▼

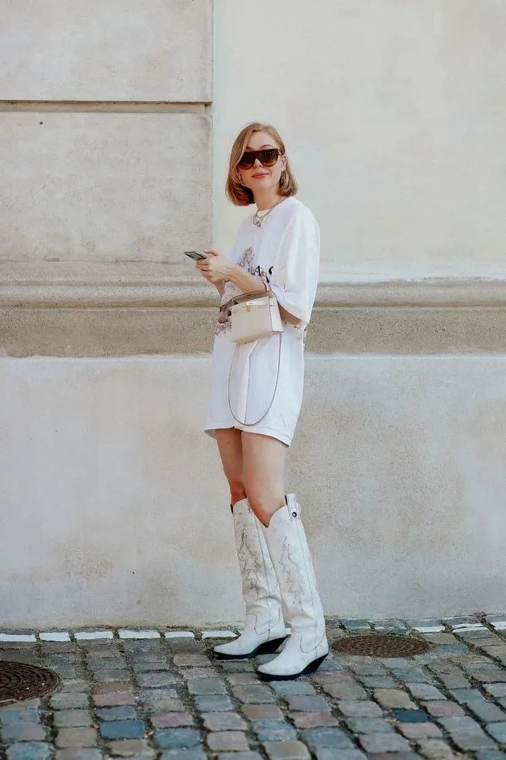如果想在你的腿在整体视觉上显瘦,可以看看这几年在欧美圈大火的牛仔靴。
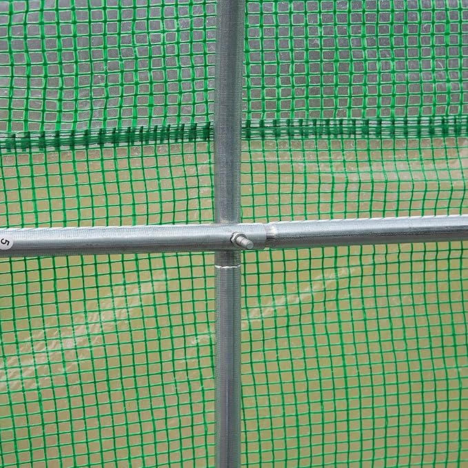 • Plastic Cover: Our two-layer 140 GSM PE cover features a reinforcement grid to prevent tearing. It protects plants from UV scorching while allowing 85% of nourishing sunlight to pass through. The winter greenhouse cover attaches via tethers and tape. Please bury the extended edges after installation.
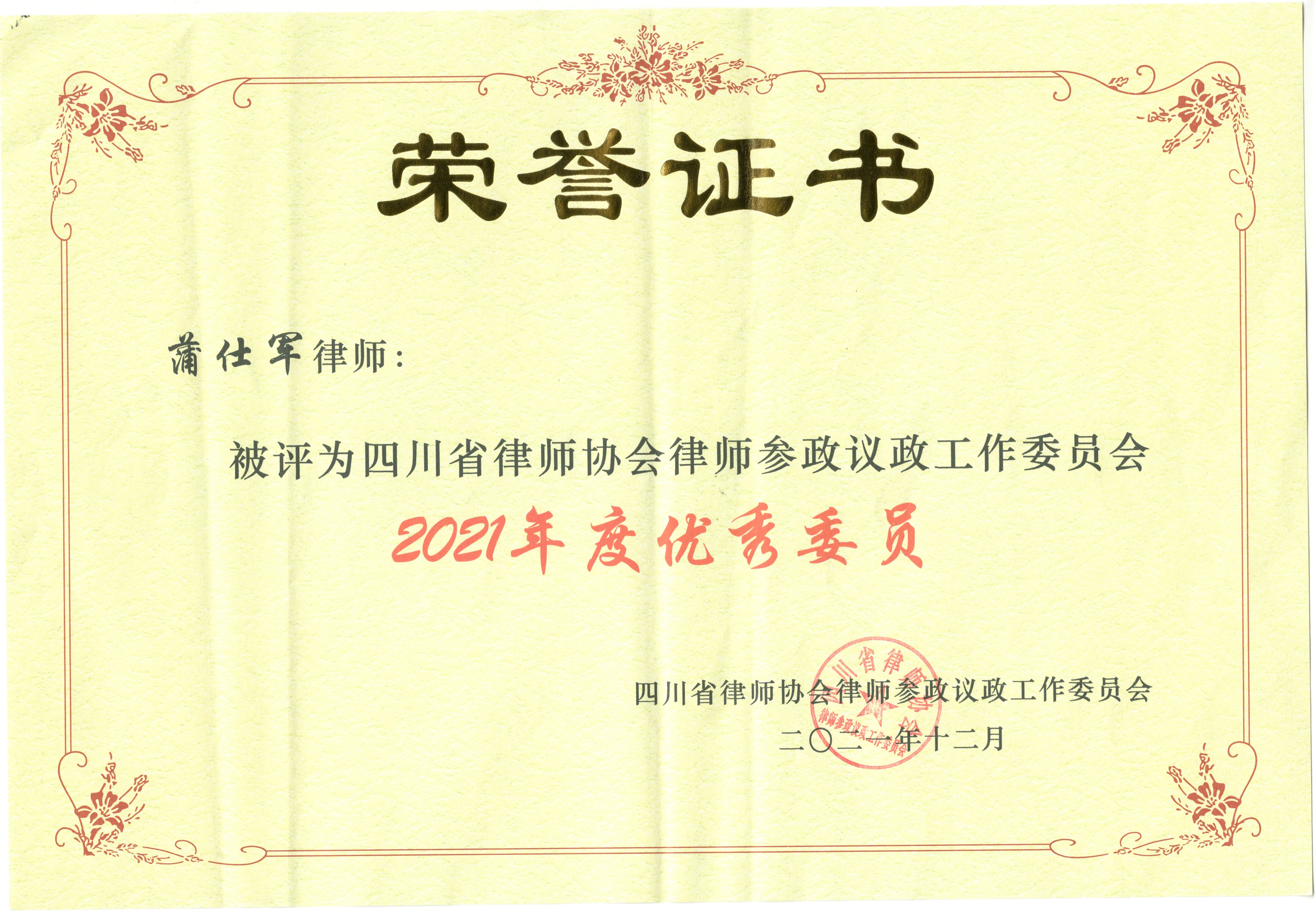 近日我所合伙人蒲仕军律师被四川省律师协会参政议政工委评为2021年优秀委员。
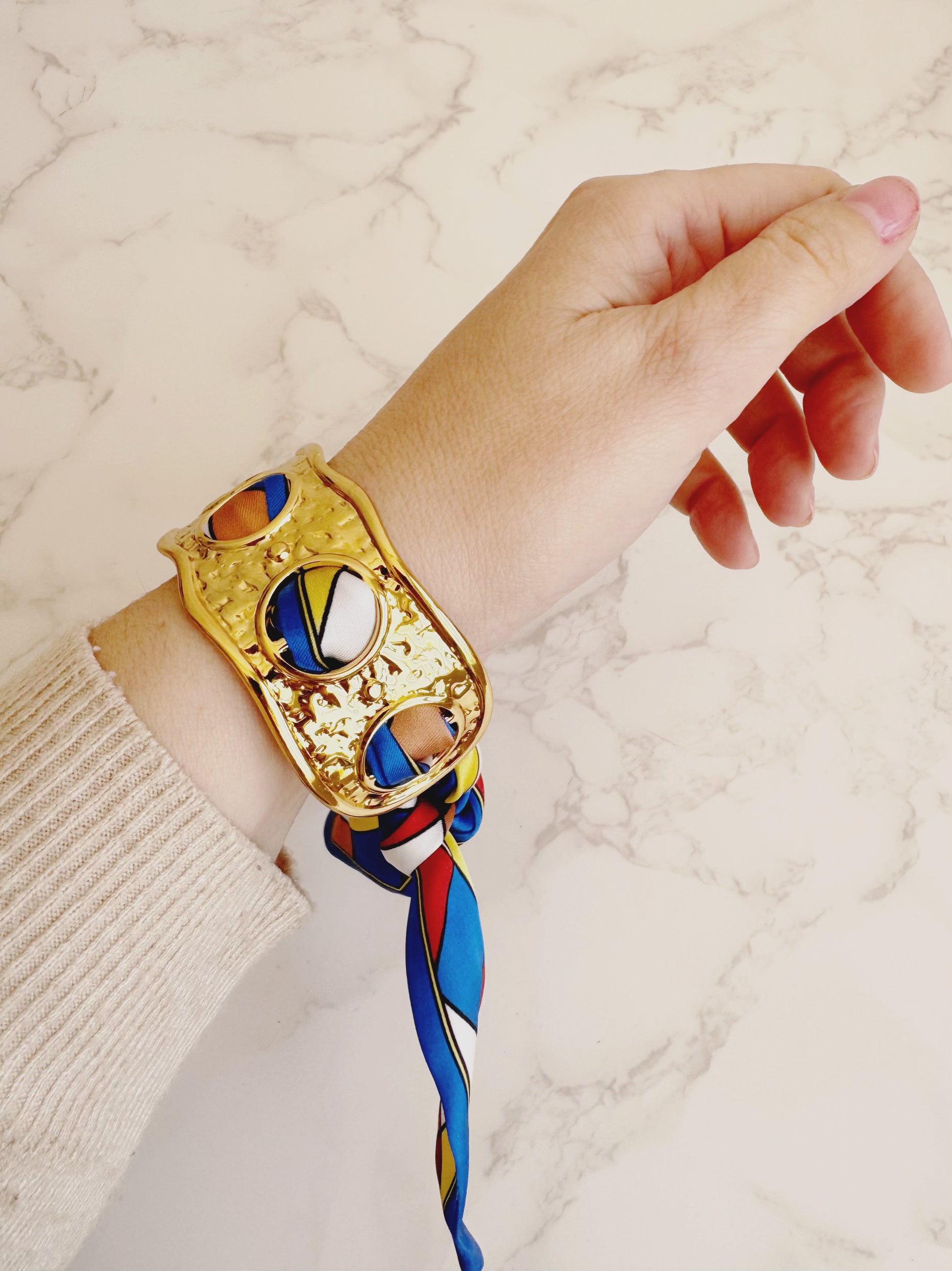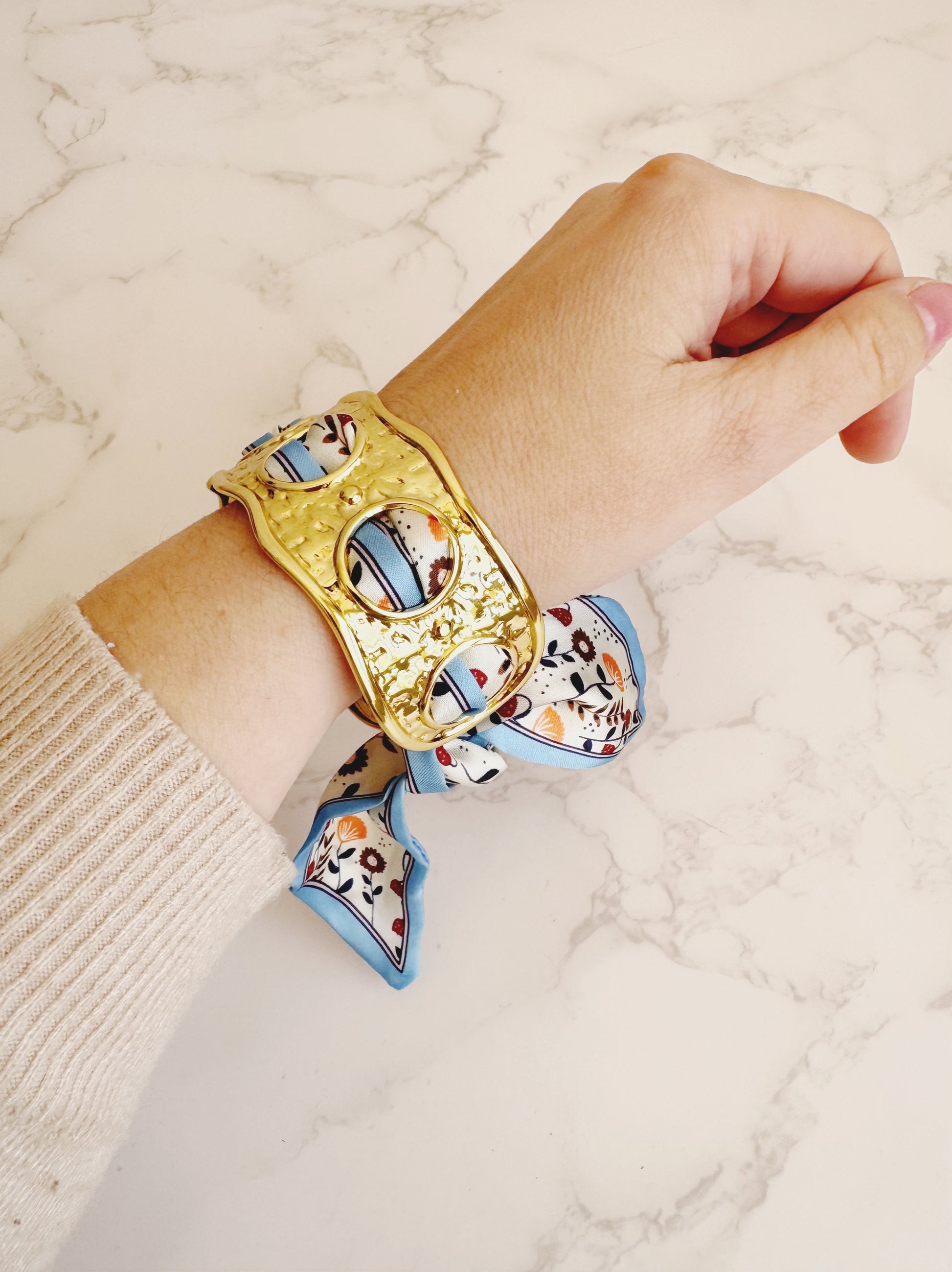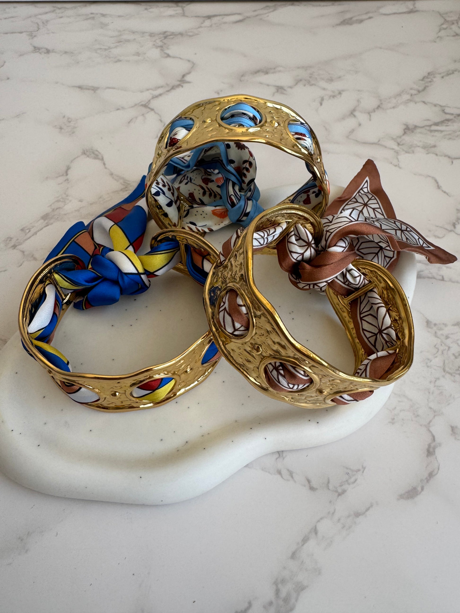 Το βραχιόλι Pilar συνδυάζουν τον μοντέρνο σχεδιασμό με την κομψότητα του μεταλλικού στοιχείου και τη φινέτσα ενός μαντηλιού που τα διακοσμεί μοναδικά. Ένα statement αξεσουάρ που προσθέτει χρώμα και χαρακτήρα σε κάθε εμφάνιση.

▲

Print the lines from the one that contains "近日我所合伙人蒲仕军律师被四川省律师协会参政议政工委评为2021年优秀委员。" through the last line of the data, exactly and in full, and no other lines. Pictures are not part of the copy.

 近日我所合伙人蒲仕军律师被四川省律师协会参政议政工委评为2021年优秀委员。
 Το βραχιόλι Pilar συνδυάζουν τον μοντέρνο σχεδιασμό με την κομψότητα του μεταλλικού στοιχείου και τη φινέτσα ενός μαντηλιού που τα διακοσμεί μοναδικά. Ένα statement αξεσουάρ που προσθέτει χρώμα και χαρακτήρα σε κάθε εμφάνιση.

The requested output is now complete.